The following diseases have currently been defined by the Department of Homeland Security and the U.S. Department of Agriculture (USDA) for study at the National Bio and Agro-Defense Facility (NBAF):

  • Foot and Mouth Disease (FMD). Viral disease of domestic and wild cloven-hoofed animals; acute disease characterized by fever, lameness, and vesicular lesions on the feet, tongue, mouth and teats; FMD is considered to be one of the most contagious, infectious diseases known; cost estimates of an introduction of FMD in the U.S. are more than $37 billion.
  • Classical Swine Fever (CSF). Wild and domestic swine are the only known natural reservoir; widespread throughout the world and has the potential to cause devastating epidemics, particularly in countries free of the disease; any outbreak of CSF would have serious consequences for domestic and international trade of swine and swine products; improved countermeasures are needed.
  • African Swine Fever (ASF). Infected animals have high mortality rates; effective countermeasures are not available for infected animals; no vaccines are available to prevent infection; no treatment exists for ASF and countermeasures need improvements.
  • Rift Valley Fever (RVF). Virus affects human beings and cloven-hoofed animals (sheep, goats, cattle, camels, buffalo and deer); suitable countermeasures to respond in the U.S. do not exist; risk for establishment of endemic disease; ranked as a major disease of concern with USDA, DHS, and other stakeholders.
  • Contagious Bovine Pleuropneumonia (CBPP). Caused by an infective microorganism (Mycoplasma mycoides); primarily affects cattle including European-bred cattle and Zebu; a related form can affect goats; may survive for days in the environment; no treatment available.

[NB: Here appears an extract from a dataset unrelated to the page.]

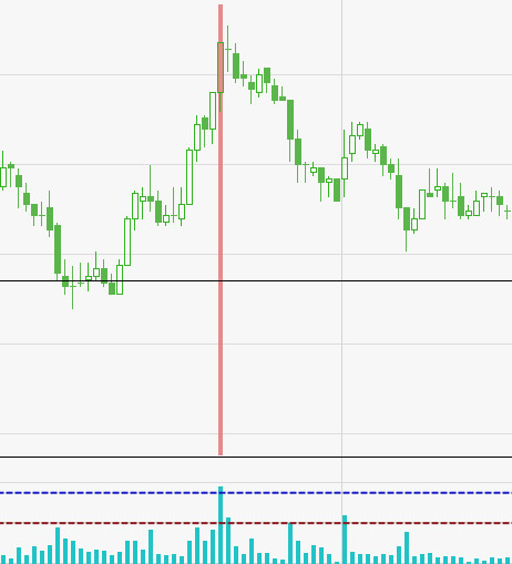 Сигнал на вход: большая свеча с длинной тенью по ходу движения + обьём на этой свечке в несколько раз больший, чем на предыдущей (минимум раза в 2). Фильтром может служить то, что до этой свечи был хороший тренд и цена двигалась практически без откатов, соответсвенно входим против этого тренда, ожидая, что произойдет разворот. Слишком абстрактно. определяя тренд я лучше в него войду)) объем фиксированный но отфильтрованный! Тренд уже видно постфактум, его нужно только константировать, обьём у меня получился больше 7000, на примере синий пунктир.
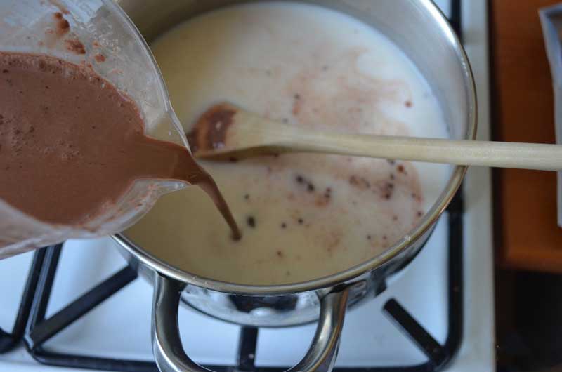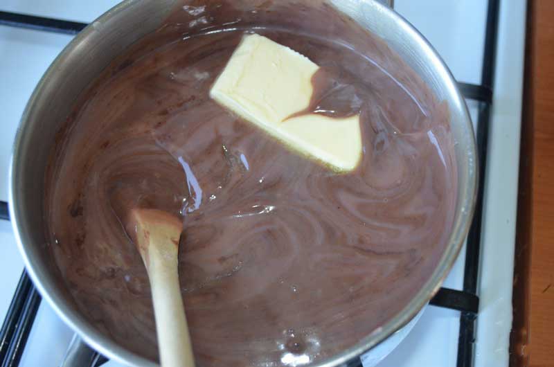În budinca fierbinte, adăugați ciocolata ruptă bucăți și amestecați până se topește complet. După ce ciocolata s-a topit, adăugați untul și amestecați bine.

  • Japanese Encephalitis (JE) Virus. Similar to St. Louis encephalitis virus; JE virus is amplified in the blood of domestic pigs and wild birds; the virus can infect humans, most domestic animals, birds, bats, snakes and frogs.
  • Nipah Virus. Virus was discovered in 1999; causes disease in swine and in humans through contact with infectious animals; mode of transmission between animals and from animals to humans is uncertain (appears to require close contact with infected tissues or body fluids); caused respiratory disease and encephalitis in people in Malaysia and Singapore; no drug therapies have yet been proven to be effective in treating Nipah infection; no countermeasures exist.
  • Hendra Virus. Formerly called equine morbillivirus; first isolated in 1994; the natural reservoir for Hendra virus is still under investigation; human beings and equines seem to be predominately affected; caused respiratory and neurological disease in horses and humans in Australia. The NBAF research mission will be based on current pathogen and disease risk assessments, subject to change as threats and risk assessments change.

The NBAF research mission will be based on current pathogen and disease risk assessments, subject to modification as threats and risk assessments change.